The parallel studies will be conducted over a 1.5-year period under almost identical conditions in Malaysia and Germany, with the Malaysian side enrolling 70 patients across six public and private hospitals. The cohort will be divided in half with each receiving one of the two DCBs.
Inclusion criteria for the study are age >18 years, clinical evidence of angina or positive functional study, significant coronary de-novo stenosis—defined as ≥70 percent diameter stenosis or 50 to <70 percent stenosis with positive functional test or ischaemia symptoms—and successful lesion preparation. [FDA ClinicalTrials.gov NCT04017364]
Senior Malaysian cardiologists from each hospital will act as principal investigators in the Malaysian study. These include Wan Azman himself, Dr Liew Houng Bang, head of cardiology at Hospital Queen Elizabeth II, Sabah; Dato’ Dr Amin Ariff Nuruddin, head of cardiology at the National Heart Institute (IJN); Datuk Dr Rosli Mohd Ali of Cardio Vascular Sentral Kuala Lumpur; Dato’ Dr Muhamad Ali Sheikh Abdul Kader, head of cardiology at Hospital Pulau Pinang; and Dr Ong Tiong Kiam, head of cardiology at Sarawak General Hospital Heart Centre.

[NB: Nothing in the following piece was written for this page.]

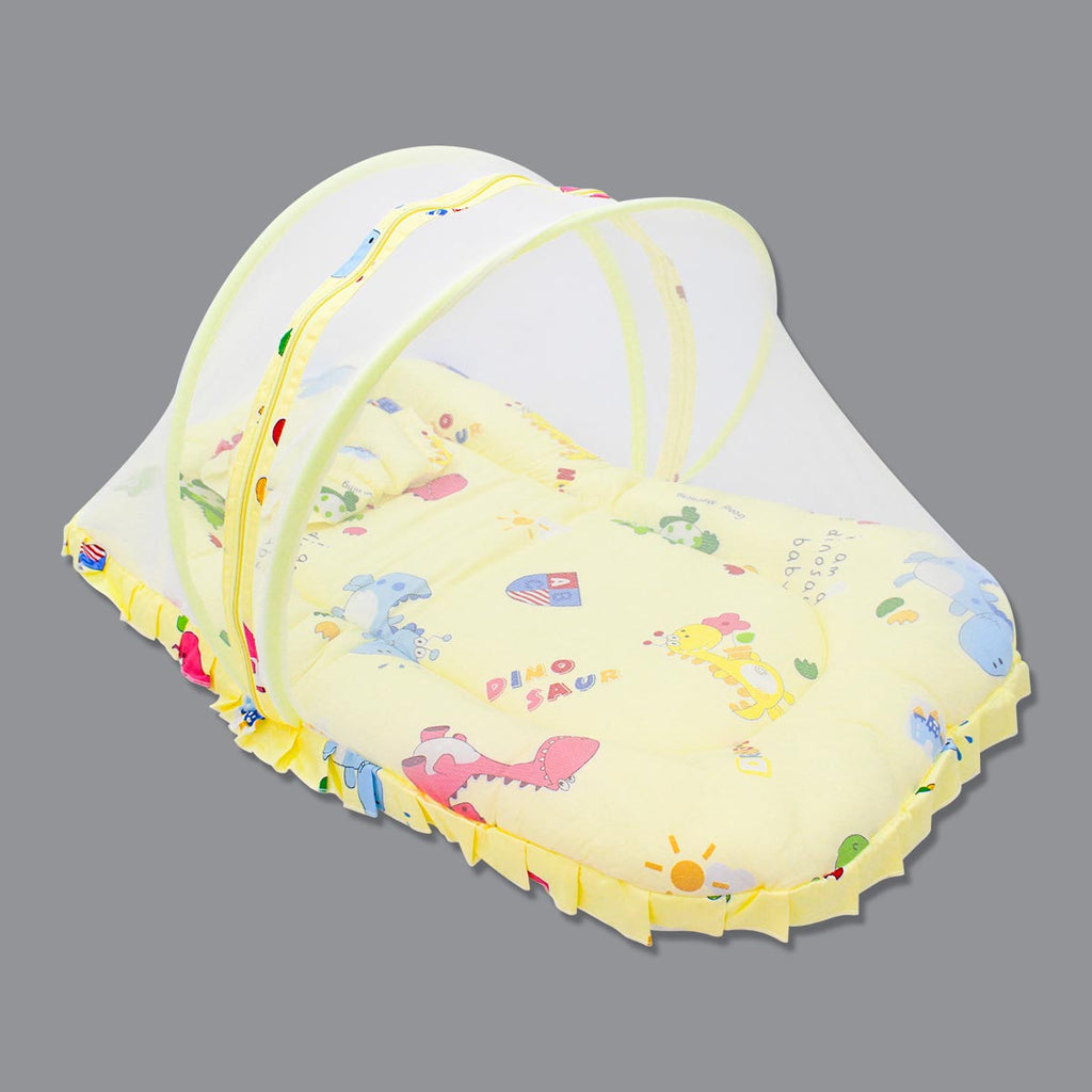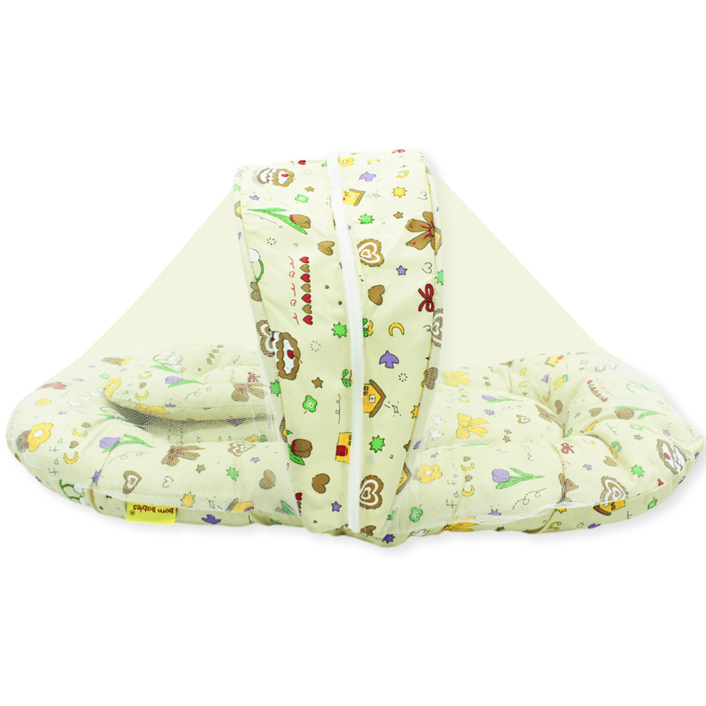 Born Babies Baby Cotton Printed Net Bed With Pillow Yellow

“As required by law, this clinical trial has received approvals from the Medical Research Ethics Committee of UMMC and the Research Ethics Committee of IJN,” said Wan Azman. “[The study] will use devices that already have the CE marking, which means that they have been approved for clinical use and are routinely used for treatment.”
At the official launch of the study was Prof Dr Bruno Scheller, consultant cardiologist, University Hospital of Saarland, Homburg, Germany. Scheller is one of the key developers of the DCB device and will also be leading the German arm of the trials.
“Germany is indeed pleased to collaborate with Malaysian doctors who have the most experience with DCB-only percutaneous coronary intervention (PCI) … having used DCB since SeQuent® Please was launched 10 years ago,” said Scheller. “We are confident that working with a similar team of investigators for this upcoming [study] will result in equal success with quality outcomes.”
The announcement was made in conjunction with the 16th Malaysian Cardiovascular Interventional Symposium (MyLIVE), organized by the Interventional Cardiovascular Society of Malaysia (ICSM).